日本に古くから伝わる「和紙」とは、楮(コウゾ)三椏(ミツマタ)雁皮(ガンピ)といった植物の白皮部分から取り出した靭皮繊維(じんぴせんい)を主原料として、手で漉かれたものです。
その繊維1本1本は、長く、強く、しなやかなため、木の幹を砕いて作られる木材パルプを主原料とした洋紙とは性質が大きく異なります。
現在は機械で抄造(しょうぞう)された和風の紙や、よく似た風合いの異素材が「和紙」として数多く流通していますが、実はいずれも本来の意味からすると和紙ではなかったはずです。正確な分類があるわけではありませんが、残念ながら多くの人々が手で漉かれていると思って購入される和紙のほとんどがそうではありません。←こちらもクリック
和紙はひとくくりに見られがちな素材ですが、実は非常に多様多種です。その特徴は、原料となる植物や、処理工程の 違い、また産地ごとの風土や伝承技術によっても大きく異なります。美濃和紙の歴史はとりわけ古く、正倉院に保存されている資料にも使用されており、1300年以上に渡り受け継がれています。

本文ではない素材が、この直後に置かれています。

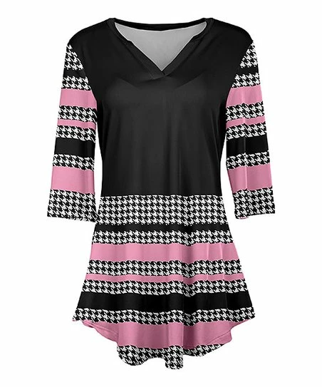 Boasting a charming print and made with a stretch-enhanced fabric, this breezy, v-neck tunic can easily be the eye-catching centerpiece for any of your ensembles.
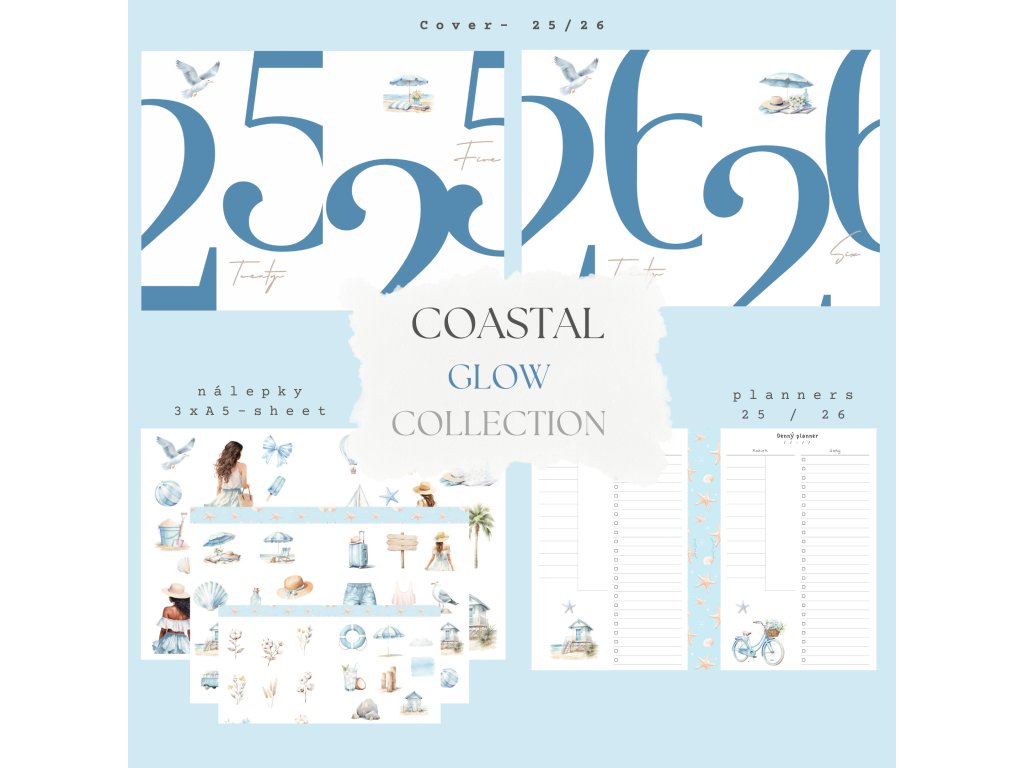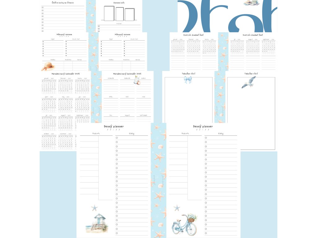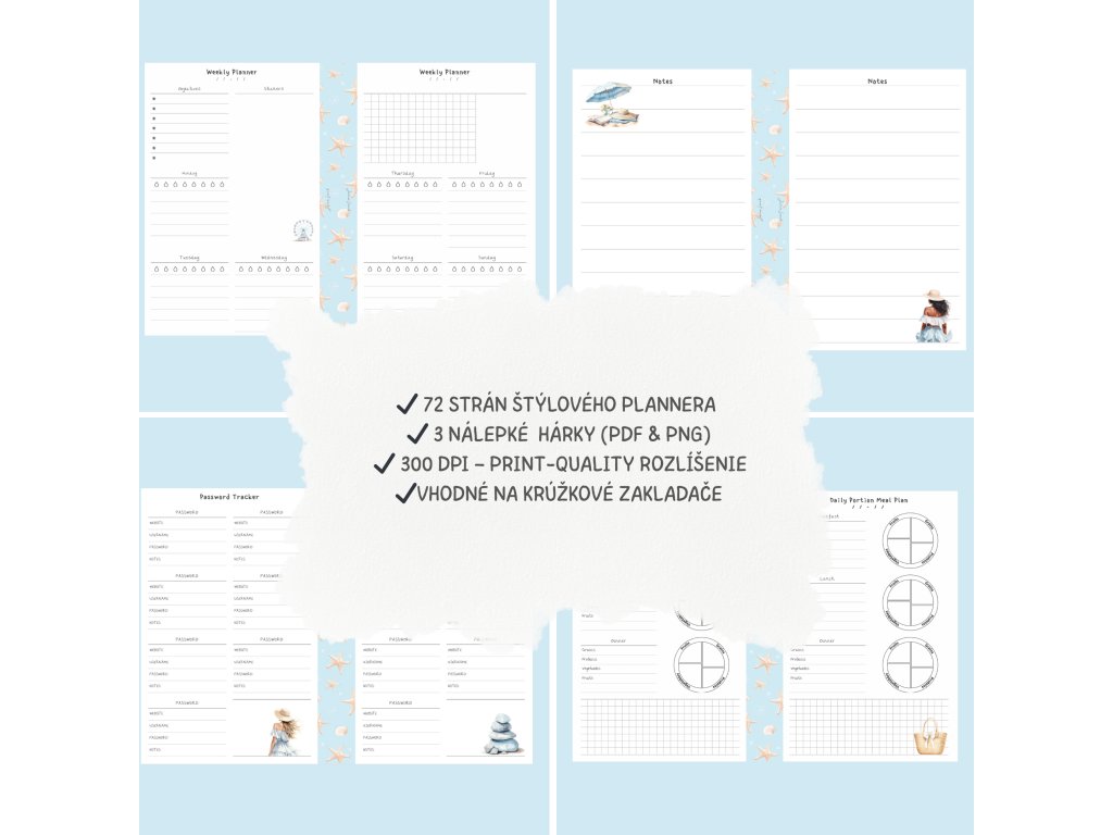 Pastelový plánovač SET Coastal Beach + nálepky | Digitálna verzia (PDF / PNG)

古くより最上級の障子紙産地として栄えた美濃の和紙作りは、職人が各工程に多くの手間をかけ、原料となる植物の皮を精製していくことで、天然繊維の特徴を最大限に引き出します。そうした原料を用い1枚1枚丹念に流し漉きの製法で漉きあげることで、繊細かつ強靭、ムラのない美しい紙を作り上げることができるのです。